- Source records:

┄┄┄┄┄┄

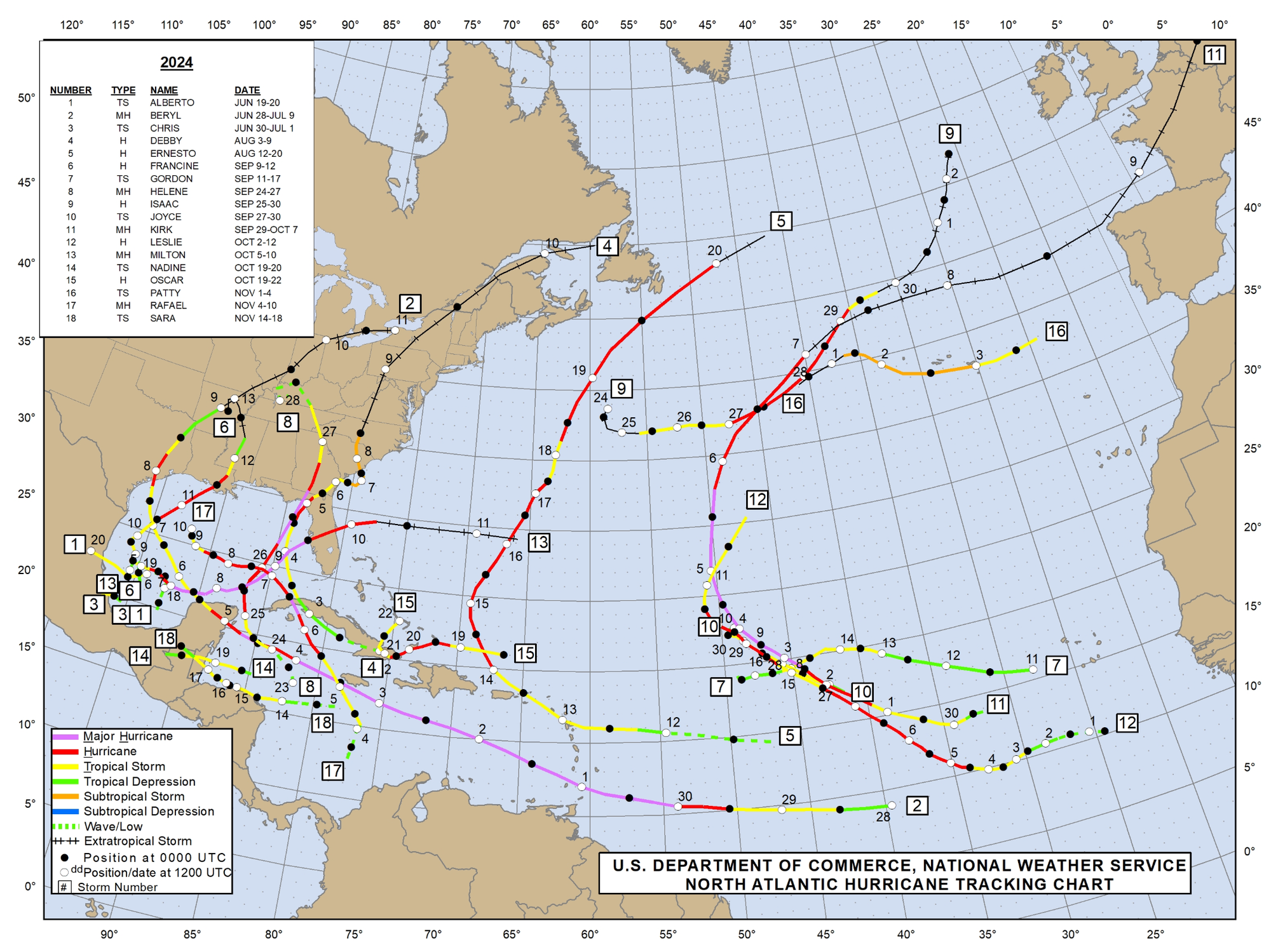 The 2024 Hurricane Season saw 18 named storms, four of which reached Category 3 or greater. Five of those tropical cyclones--Beryl, Debby, Francine, Helene, and Milton--made US landfall as hurricanes between June 28th and October 10th.
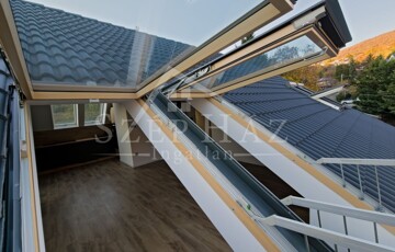 A tágas, amerikai konyhás nappali különlegessége a teljesen kinyitható tetőtéri ablakok, melyek kis erkélyként is használhatók, így közvetlen kapcsolatot teremt a természetes környezettel.
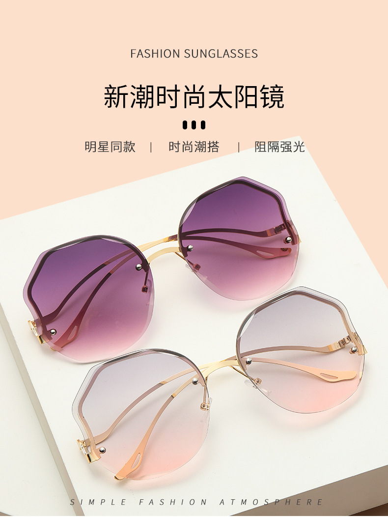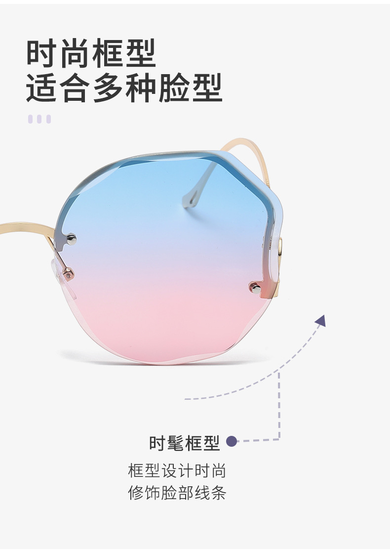 선글라스 도매 여자의 새로운 한국 스타일 유행 트리밍 투명 그라데이션 차 핑크 선글라스 여자의 인터넷 연예인 무테 안경스토어 가기
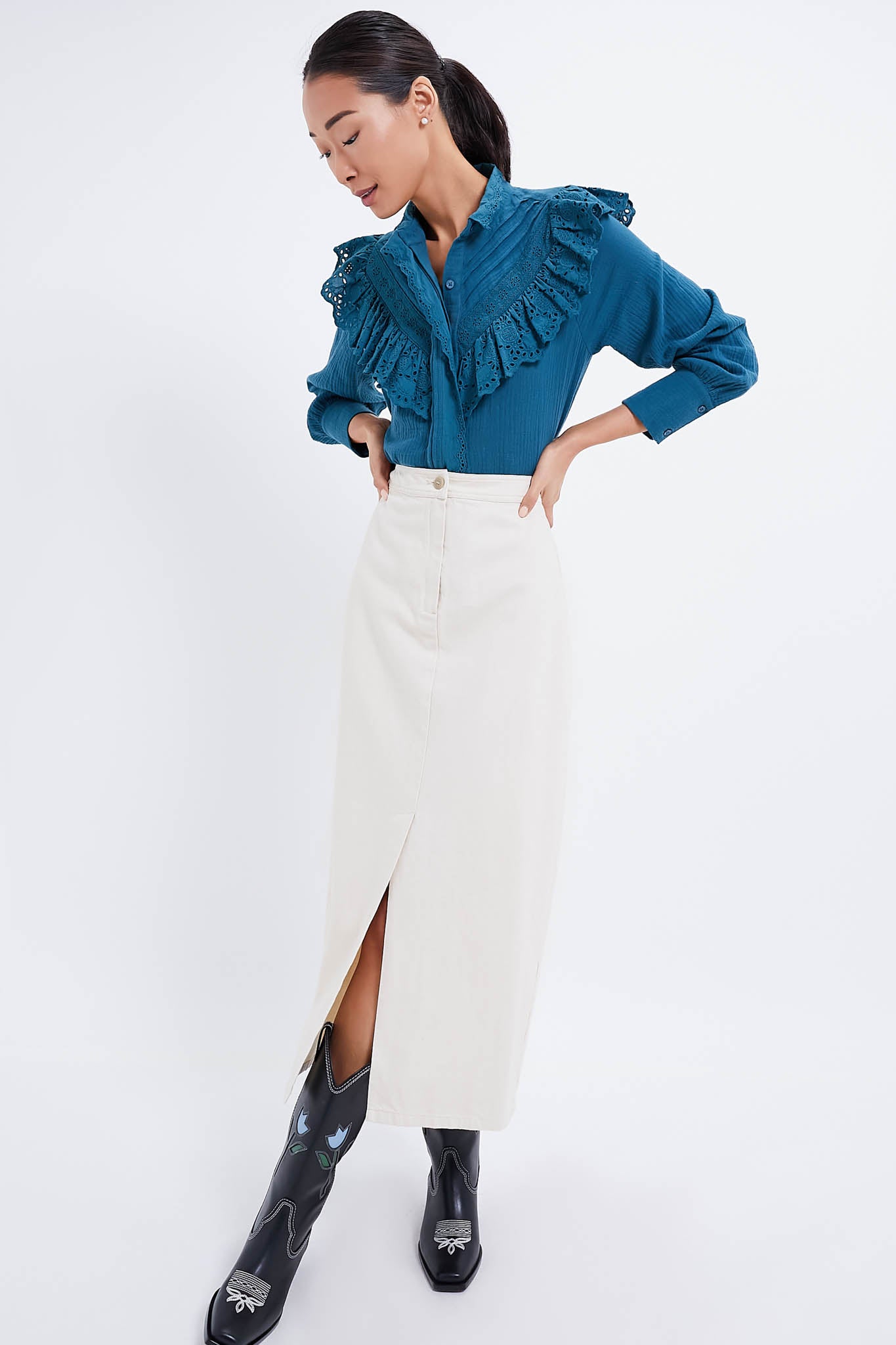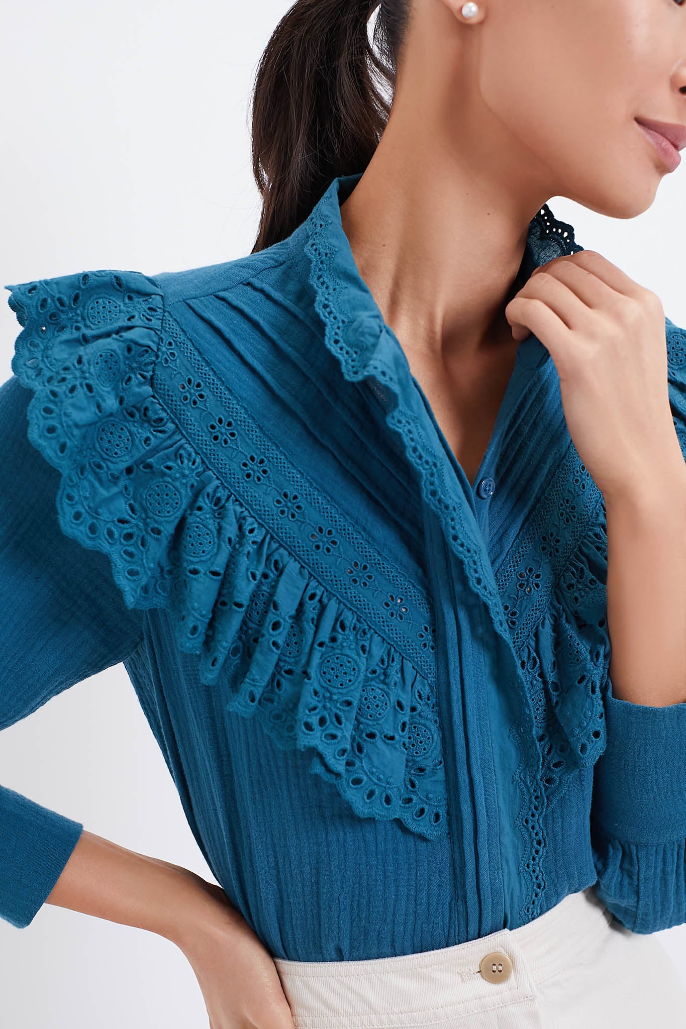 The Teal Eyelet Tatum Blouse boasts long balloon sleeves. a lace trim stand collar. and lace trim and eyelet ruffle detailing along the front yoke. A feminine style for everyday wear. we are styling it with dark wash denim and boots or a maxi skirt and heels!
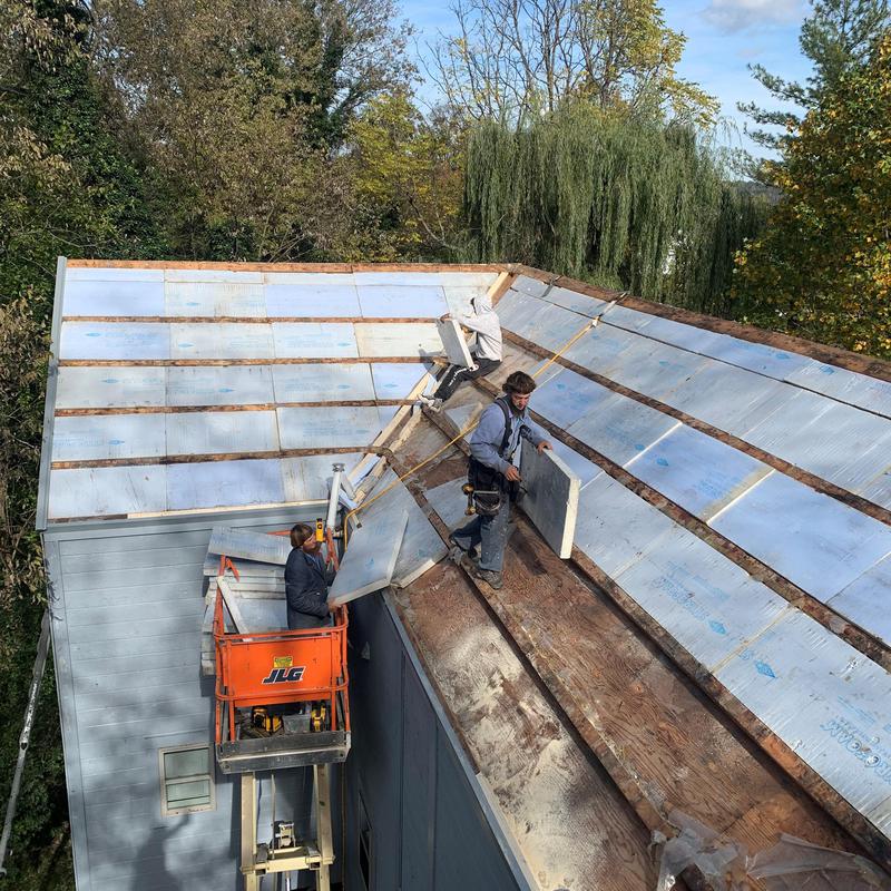 SCC Commercial and Metal Roofing replaced an old standing seam roof on a historic home in Ripley, Ohio. The team removed the existing roof, installed a bubble vapor barrier, and added new metal roofing for long-term durability.

┄┄┄┄┄┄

- Task:
Could you give all of the data again exactly as written, omitting any pictures?

- Output:
 The 2024 Hurricane Season saw 18 named storms, four of which reached Category 3 or greater. Five of those tropical cyclones--Beryl, Debby, Francine, Helene, and Milton--made US landfall as hurricanes between June 28th and October 10th.
 A tágas, amerikai konyhás nappali különlegessége a teljesen kinyitható tetőtéri ablakok, melyek kis erkélyként is használhatók, így közvetlen kapcsolatot teremt a természetes környezettel.
 선글라스 도매 여자의 새로운 한국 스타일 유행 트리밍 투명 그라데이션 차 핑크 선글라스 여자의 인터넷 연예인 무테 안경스토어 가기
 The Teal Eyelet Tatum Blouse boasts long balloon sleeves. a lace trim stand collar. and lace trim and eyelet ruffle detailing along the front yoke. A feminine style for everyday wear. we are styling it with dark wash denim and boots or a maxi skirt and heels!
 SCC Commercial and Metal Roofing replaced an old standing seam roof on a historic home in Ripley, Ohio. The team removed the existing roof, installed a bubble vapor barrier, and added new metal roofing for long-term durability.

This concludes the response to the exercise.